Russian goods still found in Latvia's shops

One of the demands of farmers in the recent protests was to ban the sales of Russian and Belarusian food products in Latvian shops. Imports of food and agricultural goods from both countries have even increased over the past year and are still valued at hundreds of millions of euros. Traders' representatives indicate that there should be more pressure, Latvian Radio reported on February 7.

Since food is not on the prohibited goods list, experts assess this as an ethical issue, saying that every shopper can vote for or against. However, shoppers often do not look for what is the country of production of the product on the label.

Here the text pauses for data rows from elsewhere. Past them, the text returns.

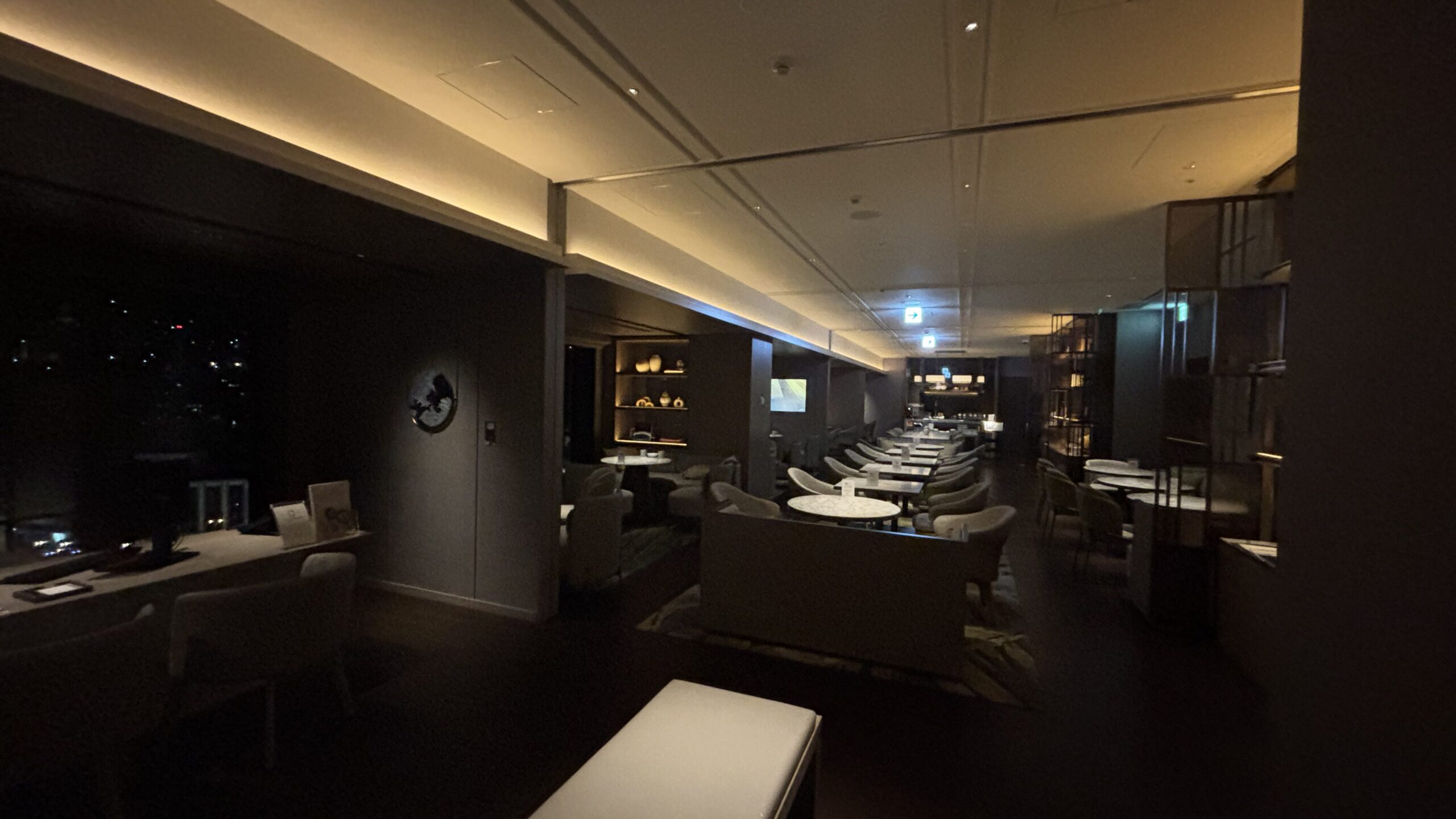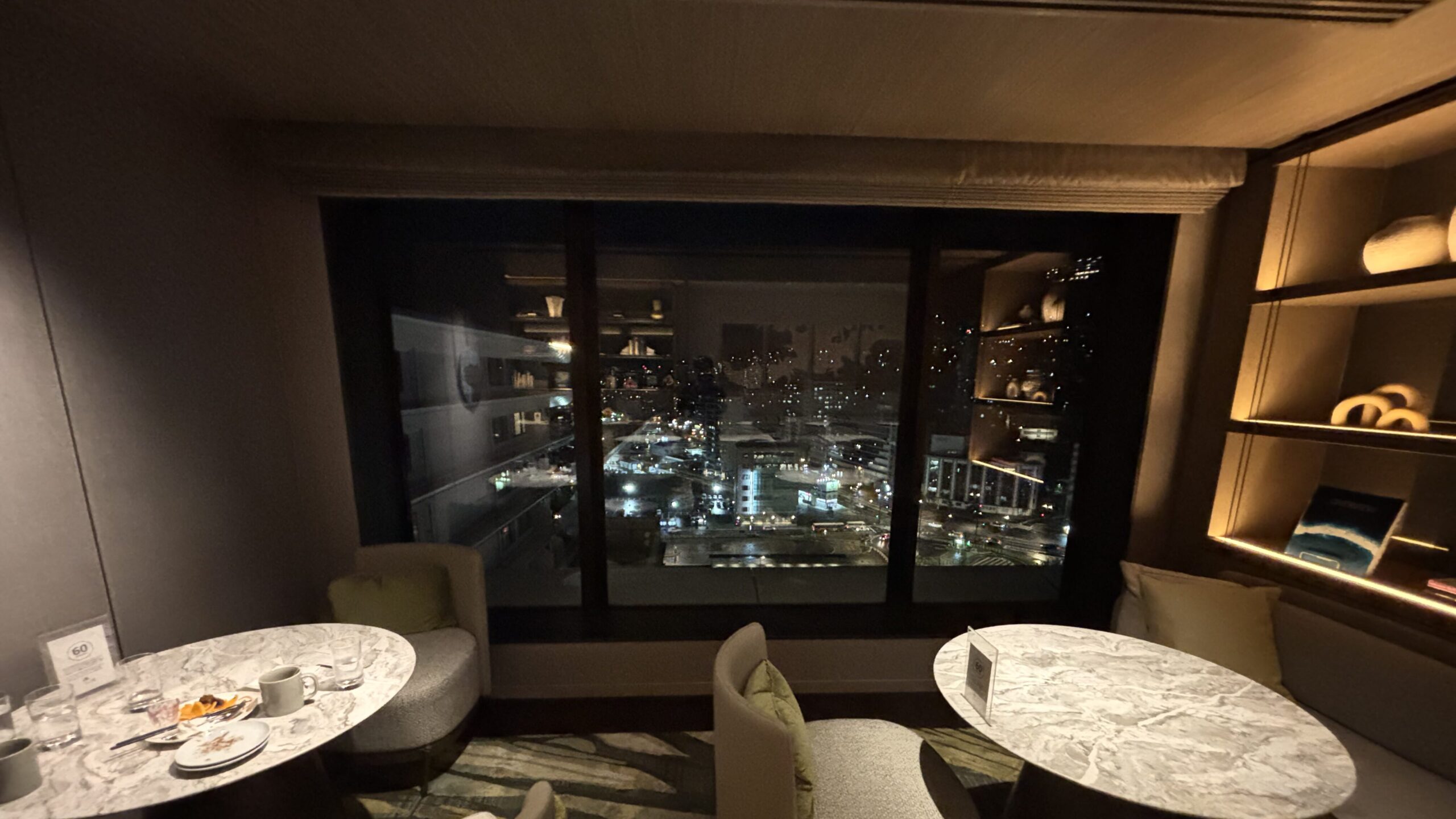 13階のMクラブラウンジからの俯瞰ビューとは異なり、7階からは街の灯りがより近く感じられます。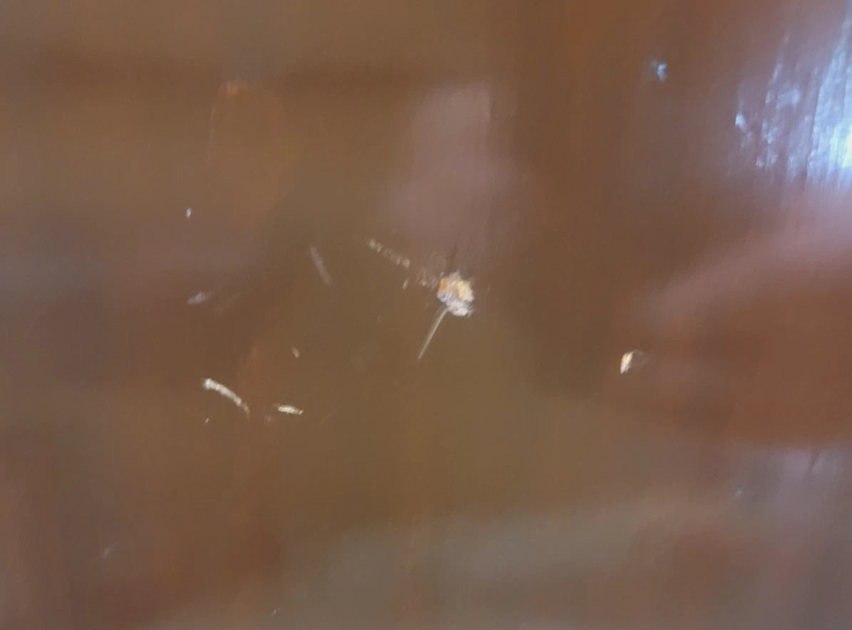 There is a bit of veneer missing to one of the drawer front (see photograph).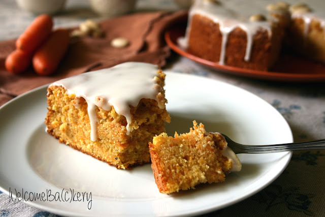 Morbida e umida, praticamente si fonde in bocca, e non parliamo del felice matrimonio tra carote e mandorle… e in più quella dannata e tentatrice crosticina della glassa…
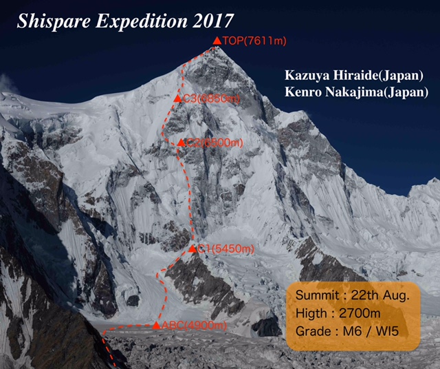 Стигането до Шиспаре от североизток е по най-трудния възможен маршрут на този връх. Линията преодолява 2700 метра денивелация. Хираиде и Накаджима оцениха трудността й с M6/ WI5. Изкачването им може да се окаже най-голямото алпийско постижение на годината.

Tea, sunflower seeds, adjika sauce produced in Russia are still on the shelves of Mego shops. Food produced in Russia can also be bought in shops “Beta”, which is not a widespread network of shops – only a couple of shops are located in Riga and other towns. The low-cost “Mere” stores also offer aggressor country goods. Mere opened in Latvia two years ago and is owned by Russian entrepreneurs.

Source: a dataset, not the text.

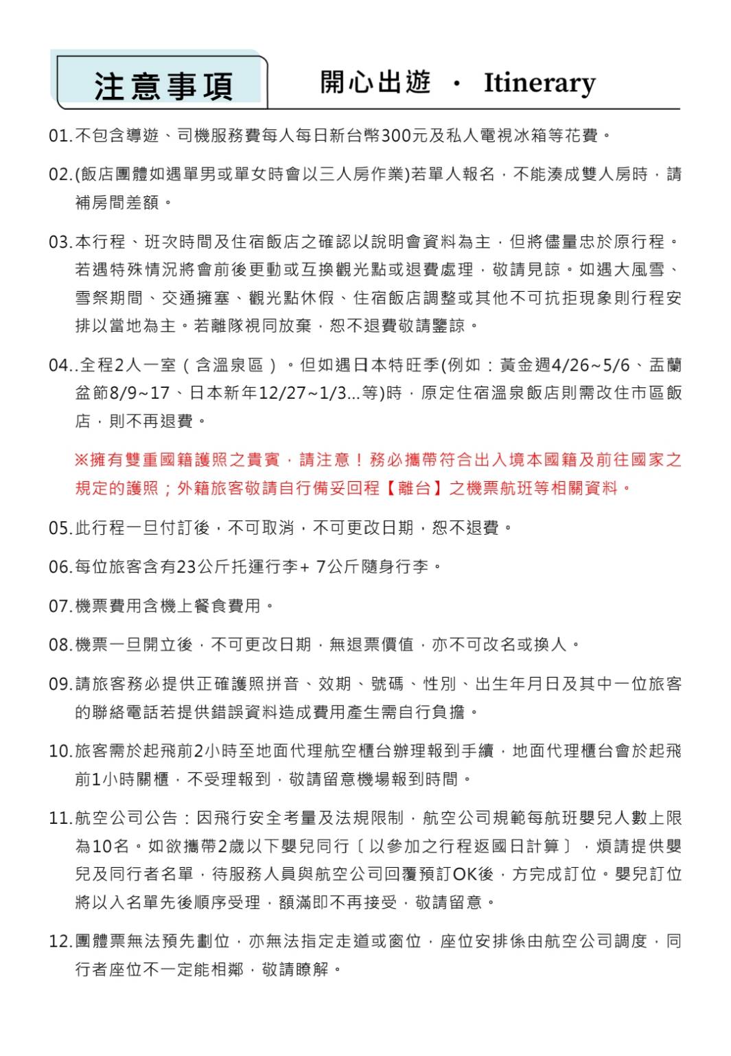 行程如遇觀光景點休假及住宿飯店地點調整或遇不可抗拒之現象(天候不佳),本公司保有變更行程之權利。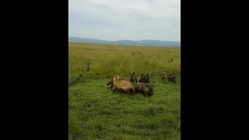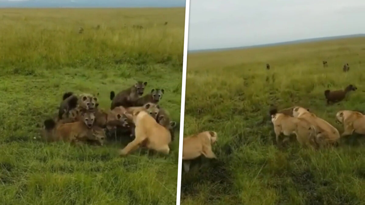In principe staat de leeuw bovenaan de voedselketen, maar als leeuwin doe je niet zoveel tegen een groot aantal hongerige hyena's. Gelukkig was haar troep niet ver weg en werd de orde alsnog hersteld.

Shoppers met outside the shops say they don't buy Russian goods. Some stress that flags should indicate in which country the product was produced.

Meanwhile, the spokesperson of food traders, CEO of the Latvian Association of Food Traders Noris Krūzītis, said that the largest store networks do not sell Russian and Belarusian goods:

“Large networks, since the war began, for ethical reasons, [stopped] all deliveries and there are virtually no goods in stores coming from suppliers from those countries. They're seen in one of the low-cost networks, they're in the small shops and the border area. If any stores have such goods, they are supplied by wholesalers, and here you would have to ask what their ethical threshold is.”

“There has to be pressure on these traders, processors, and manufacturers,” says Krūzītis.

Imports of food from Russia and Belarus are not banned in the European Union. Jānis Lielpēteris, Member of the Board of the Latvian Chamber of Commerce and Industry (LTRK), thinks the situation needs to change.

“Currently the position of the LTRK is to [achieve] the widest possible severance of trade ties with Russia and Belarus and the widest possible implementation of import and export restrictions,” he says.

The LTRK would also support the imposition of additional tax on those cooperating with aggressor countries.

According to the Ministry of Agriculture, in the first ten months of last year, food and agricultural goods were imported from Russia into the European Union for 2.2 billion euros. Latvia ranks among the six countries that imported the most. 81 companies registered in Latvia have imported food.

Meanwhile, a draft law on banning imports from Russia and Belarus has already been drafted in the Agriculture Ministry and will soon have to be seen by Saeima deputies.